▸ Work request
Every line below from the one with "Figura 8. Blusas Bordada." through the one with "8月は、建込簡易土留を行いな" is to be repeated exactly, with no picture among them.

▸ Supplied data
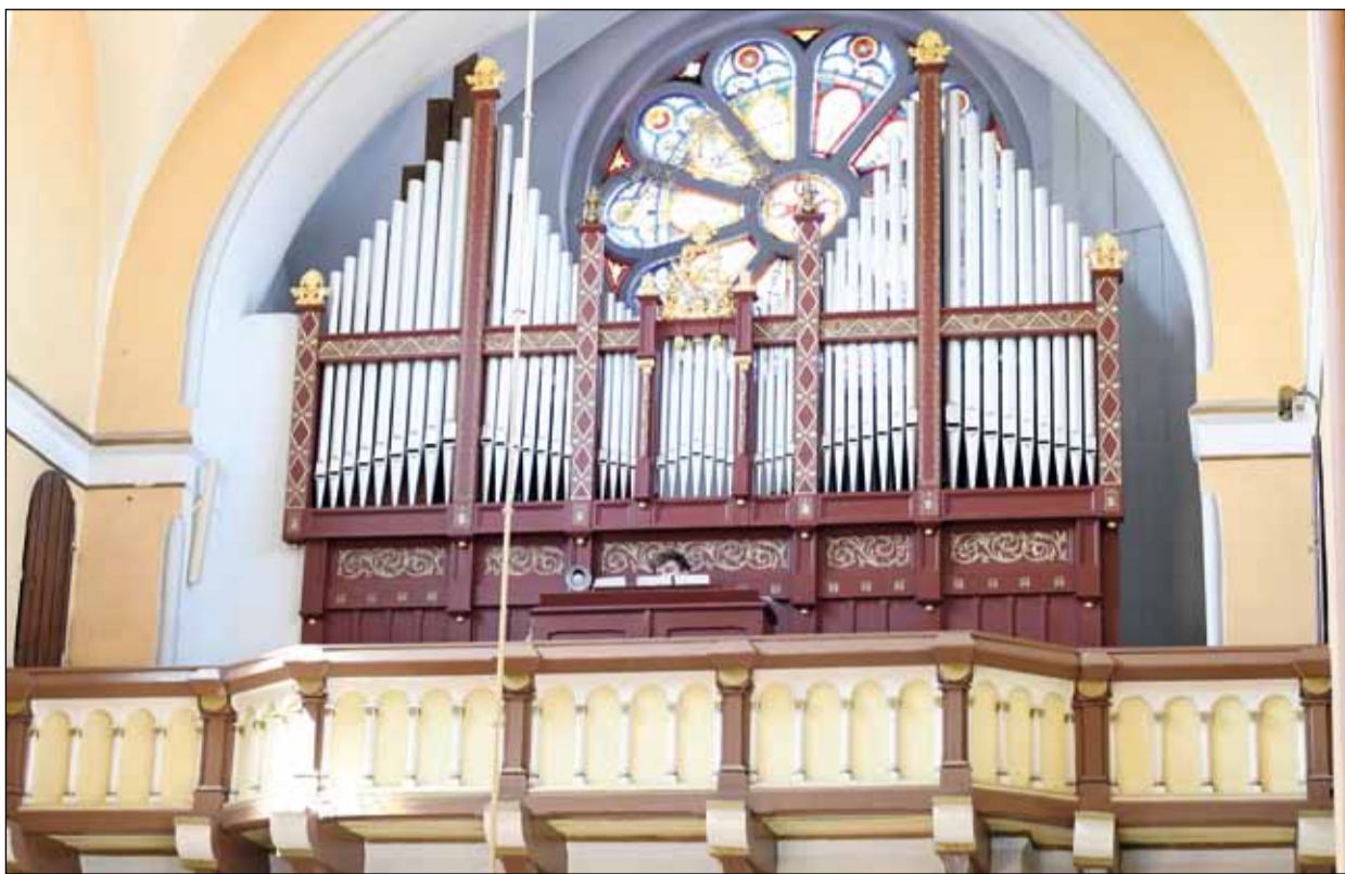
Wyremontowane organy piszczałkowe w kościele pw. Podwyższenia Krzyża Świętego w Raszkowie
...
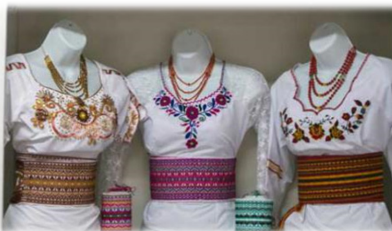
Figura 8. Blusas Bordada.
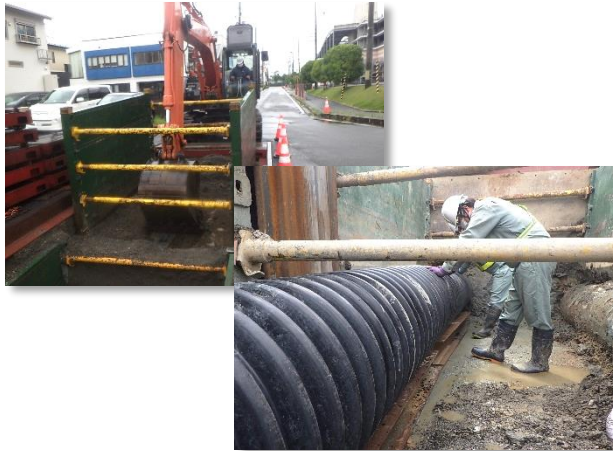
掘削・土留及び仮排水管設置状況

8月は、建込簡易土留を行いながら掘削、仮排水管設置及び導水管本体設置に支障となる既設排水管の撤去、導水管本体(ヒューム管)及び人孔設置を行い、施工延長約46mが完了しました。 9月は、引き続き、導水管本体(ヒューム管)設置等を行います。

▸ Response to this exercise
Figura 8. Blusas Bordada.
掘削・土留及び仮排水管設置状況

8月は、建込簡易土留を行いながら掘削、仮排水管設置及び導水管本体設置に支障となる既設排水管の撤去、導水管本体(ヒューム管)及び人孔設置を行い、施工延長約46mが完了しました。 9月は、引き続き、導水管本体(ヒューム管)設置等を行います。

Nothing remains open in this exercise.